I also performed a cluster analysis and choose 2-20 Clusters, but the results are so long, I have no idea how to handle it and what things are important to look on.

2
You can arbitrary determine the number of clusters. It is very controversy how to determine the number of clusters, but some analysis can help you out. Take a look at kgs function from maptree package.patL
I looked it up and read that it should help you to find a good number of clusters. But I am totally new to that subject. What do I have to enter as cluster and diss? Is my corloads = cluster and diss = distance?? kgs (cluster, diss, alpha=1, maxclust=NULL)Essi

2 Answers

3
votes

To determine the "optimal number of clusters" several methods are available, despite it is a controversy theme.

The kgs is helpful to get the optimal number of clusters.

Following your code one would do:

clus <- hclust(distance)
op_k <- kgs(clus, distance, maxclus = 20)
plot (names (op_k), op_k, xlab="# clusters", ylab="penalty")

So the optimal number of clusters according to the kgs function is the minimum value of op_k, as you can see in the plot. You can get it with

min(op_k)

Note that I set the maximum number of clusters allowed to 20. You can set this argument to NULL.

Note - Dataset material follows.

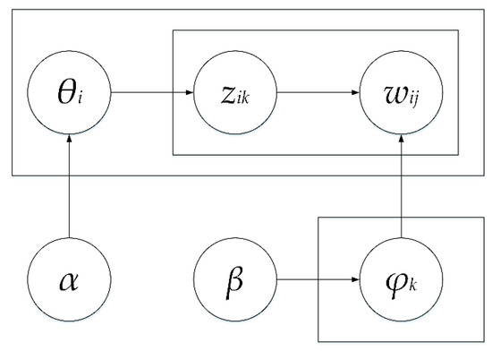 In Figure 2, α denotes the correlation between topics, β is the probability distribution of the topics themselves, both of which are empirically given a priori parameters; denotes the topic distribution of the ith document; denotes the feature word distribution of the kth topic; denotes the kth topic of the ith document; and denotes the jth feature word of the ith document, where and .

Check this page for more methods.

Hope it helps you.

Edit

To find which is the optimal number of clusters, you can do

op_k[which(op_k == min(op_k))]

Plus

Also see this post to find the perfect graphy answer from @Ben

Edit

op_k[which(op_k == min(op_k))]

still gives penalty. To find the optimal number of clusters, use

as.integer(names(op_k[which(op_k == min(op_k))]))
1
votes

I'm happy to learn about the kgs function. Another option is using the find_k function from the dendextend package (it uses the average silhouette width). But given the kgs function, I might just add it as another option to the package. Also note the dendextend::color_branches function, to color your dendrogram with the number of clusters you end up choosing (you can see more about this here: https://cran.r-project.org/web/packages/dendextend/vignettes/introduction.html#setting-a-dendrograms-branches )